Lepramuseum zeigt einen anderen Aspekt des 30jährigen Krieges

23.01.1998

Ausstellung „Kinderhaus 1648, das Leprosenhaus der Stadt Münster in Krieg und Frieden“ im Lepramuseum Kinderhaus

(SMS) 336 Jahre lang, von 1333 bis 1661, war Kinderhaus ein Leprosorium. Hier lebten an der Seuche erkrankte Männer und Frauen aus der Stadt Münster, zuweilen wurden „vagierende“ (umherstreifende) Leprose aufgenommen. Am Sonntag, 25. Januar, dem Weltlepratag, eröffnet die Deutsche Gesellschaft für Leprakunde im Lepramuseum Kinderhaus, die Ausstellung „Kinderhaus 1648, das Leprosenhaus der Stadt Münster in Krieg und Frieden“ einen anderen Blick auf die Stadt und die Zeit des Westfälischen Friedens. Bis zum 28. Juni wird die Ausstellung jeden Sonntag von 15 bis 17 Uhr zu sehen sein.

Die Quellen, aus denen der Historiker Dr. Ralf Klötzer die Austellung konzipiert hat, stellte überwiegend das Stadtarchiv zur Verfügung. Auf sechs Tafeln sind 96 Ausstellungselemente zu einem Rundgang zusammengestellt, die einen Einblick in die Geschichte des Leprosoriums geben. Besonders für das 17 Jahrhundert, das Jahrhundert des 30jährigen Krieges, ist das Material so gut, daß es Einblicke in das Leben der Bewohner gestattet und auch ein Licht auf das Leben in der nahen Stadt wirft.

Für die Jahre von 1615 bis 1676 konnte Dr.
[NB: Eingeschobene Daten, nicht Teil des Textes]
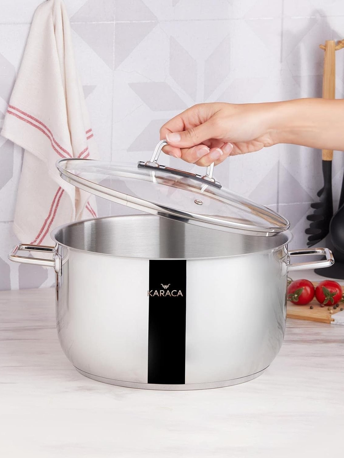 Большая и надёжная кастрюля Karaca Galaxy объёмом 15.7 литра — идеальный выбор для приготовления супов, бульонов, плова или блюд на большую семью и праздники. Выполнена из прочной нержавеющей стали с зеркальной полировкой и стильным акцентом по центру. Прозрачная крышка позволяет контролировать процесс приготовления, а удобные ручки обеспечивают безопасное использование.

Klötzer eine vollständige Liste der Bewohner des Leprosoriums aufstellen. 13 Männer und zehn Frauen lebten hier in diesem Zeitraum - die meisten von ihnen bis zu ihrem Tod - unter der geistlichen Obhut eines Pastors und eines Küsters, der gleichzeitig Pächter der Landwirtschaft war.

Die Urkunden, Rechnungen, Inventare und Rechtsakte der Ausstellung geben auch Eindrücke von einer unbekannten oder wenig beachteten Wirklichkeit des 30jährigen Krieges: Das Leprosorium wurde gut bewirtschaftet und war durchaus wohlhabend. 1636 wurden die Leprosen für mehrere Wochen von kaiserlichen Soldaten vertrieben. Als sie abrückten, hinterließen die Soldaten ziemliche Verwüstungen - sogar das Glockenseil des Kirchturms hatten sie mitgenommen. Die Ratsherren der Stadt ließen sich zu ihrer alljährlichen Inspektion in diesem Jahr von 14 Stadtsoldaten eskortieren.

Im Laufe des 17. Jahrhunderts nahmen die Lepraerkrankungen in der Region ab, und nach der Unterwerfung Münsters durch Christoph Bernhard von Galen wurde das Haus 1661 in ein Werkhaus für erwerbslose Jugendliche umgewandelt. Einige Jahre später entstand dort ein Armenhaus. Neben den Hauptthemen, der Kinderhauser Lebensgemeinschaft und dem 30jährigen Krieg, thematisiert die Ausstellung die Kriegsfolgen und die Verwaltung des Leprosoriums durch den Rat der Stadt Münster.

Die ganze Informationsfülle der Ausstellung, von der Abbildung des Kinderhauser Siegels bis zu den Aktenvermerken über Rechtsbrüche, ist in einen Katalog (14 Mark) eingegangen. Sonntags werden im Lepramuseum, Kinderhaus 15, Führungen angeboten, weitere Termine für Ausstellungsbesuche können mit Dr. Ivo Just von der Gesellschaft für Leprakunde, Telefon 28 510, vereinbart werden.